Is Grammarly still worth paying for when ChatGPT exists?
For writing-as-habit users (catching typos in every email, every Slack message, every tweet), yes — the always-on browser integration is the value. For deliberate writing sessions (drafting docs, writing reports), ChatGPT or Claude usually does the rewriting better. Most users now pay for one or the other, not both.

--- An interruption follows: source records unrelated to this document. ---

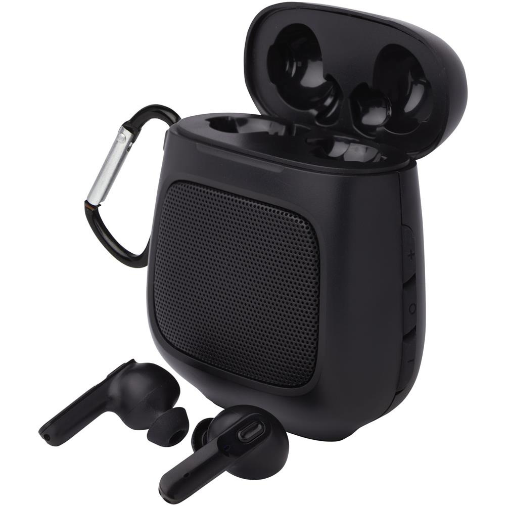 Zestaw Remix łączy w sobie technologię True Wireless w słuchawkach dousznych i głośniku z technologią Bluetooth®. Po wyjęciu słuchawek dousznych z obudowy, włączą się one samoczynnie i automatycznie zsynchronizują ze sobą! Obudowa pełni również funkcję stacji ładującej dla słuchawek oraz głośnika Bluetooth®. Obudowa może naładować słuchawki douszne od 0 do 100% cztery razy po jednym naładowaniu, a słuchawki mogą być używane przez co najmniej 4 godziny przed ponownym naładowaniem. Ergonomiczna konstrukcja słuchawek dousznych sprawia, że utrzymują się one stabilnie w miejscu podczas podróży. Ładowanie słuchawek dousznych od 0 do 100% trwa w przybliżeniu 2 godziny. Zarówno słuchawki douszne, jak i głośnik mają wbudowany mikrofon i elementy sterujące muzyką do odbierania lub wykonywania połączeń telefonicznych. Zasięg protokołu Bluetooth® wynosi do 10 metrów. W zestawie znajdują się średnie i duże końcówki do uszu. Sprzedawane w ozdobnym pudełku upominkowym.
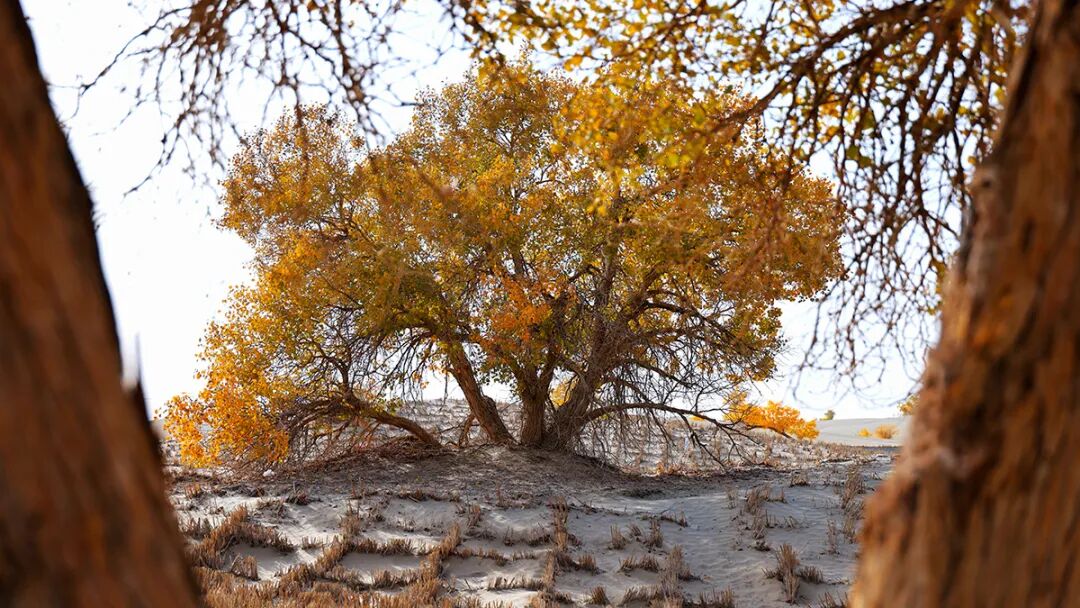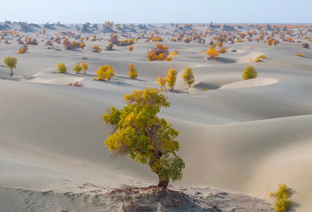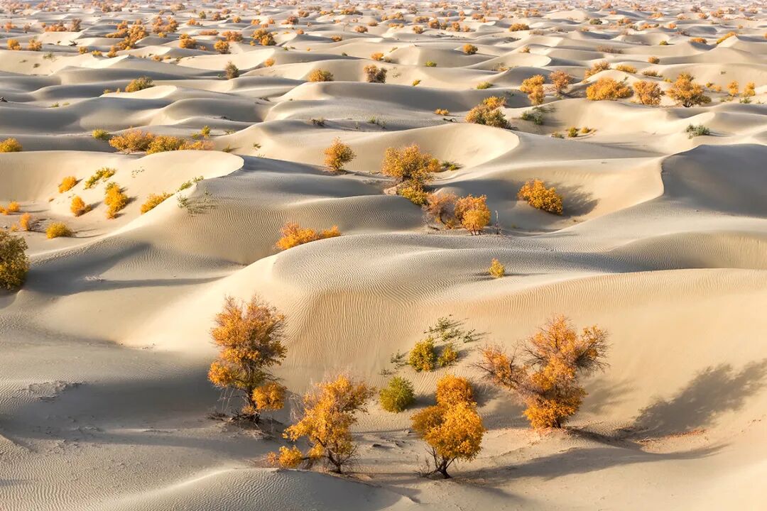 10月23日,新疆一師阿拉爾市的胡楊林迎來(lái)了最佳觀賞期,金色胡楊與塔克拉瑪干沙漠交相輝映,構(gòu)成一幅絢麗的生態(tài)畫(huà)卷。日照日?qǐng)?bào)記者李大偉 攝
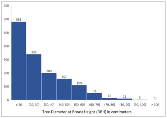 Distribution of study area trees by diameter at breast height (DBH).
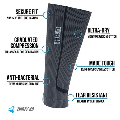 Fasce a compressione graduata per i polpacci di Thirty48, Serie Cp - Grigio - 15-22 mmHg - Unisex - Previene la periostite tibiale, dolori e crampi ai polpacci - Migliora la circolazione - Ottimizza il recupero rapido, incrementando l'apporto di ossigeno ai muscoli - Per il calcio, la corsa, il ciclismo, la camminata, la pallacanestro, il crossfit, e i viaggi - Packaging USA
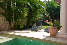 Featured in Architectural Digest Mexico, Casa de las Manos is a luxurious nine room colonial home with large kitchen, living room, dining room, gallery, outdoor living room patio, four bedrooms, three baths and a stunning pool, just blocks from both the Plaza Grande and Paseo Montejo.

What does the free tier include?
Basic spelling + grammar + punctuation across browser extensions and apps. Tone detection (in suggestions). Some clarity improvements. NOT included: advanced suggestions, vocabulary enhancement, full-sentence rewrites, plagiarism detection, GrammarlyGO generative features. Free tier is a real product; Premium adds the polish layer.
What is GrammarlyGO?
Grammarly's generative AI features launched 2023, integrated through 2024-25. Inline rewrite suggestions, tone shifts (more formal / friendly / direct), and short content generation. Quality is good for short-form (emails, messages); for longer content, ChatGPT or Claude perform meaningfully better.
What about Grammarly's Coda acquisition?
Grammarly acquired Coda in December 2024. Long-term strategy: combine writing assistance (Grammarly) with document workspace (Coda) into a unified Grammarly Coda platform. Short-term: both products run mostly independently. Long-term direction will reshape the platform; current users get to wait and see.
Is my writing private?
Grammarly processes everything you type that has an open Grammarly extension. They claim data is anonymized for product improvement and not sold. Enterprise plans offer stricter controls (no training on customer data, dedicated data residency). For sensitive content (legal, medical, classified), the standard policy may not be sufficient — evaluate carefully.
How does it compare to Hemingway or ProWritingAid?
Hemingway: free web app focused on readability (sentence length, passive voice). ProWritingAid: deeper writing analysis with style coaching. Grammarly: broadest integration + always-on. Different tools for different needs; Grammarly wins on convenience, ProWritingAid wins on depth, Hemingway wins on cost.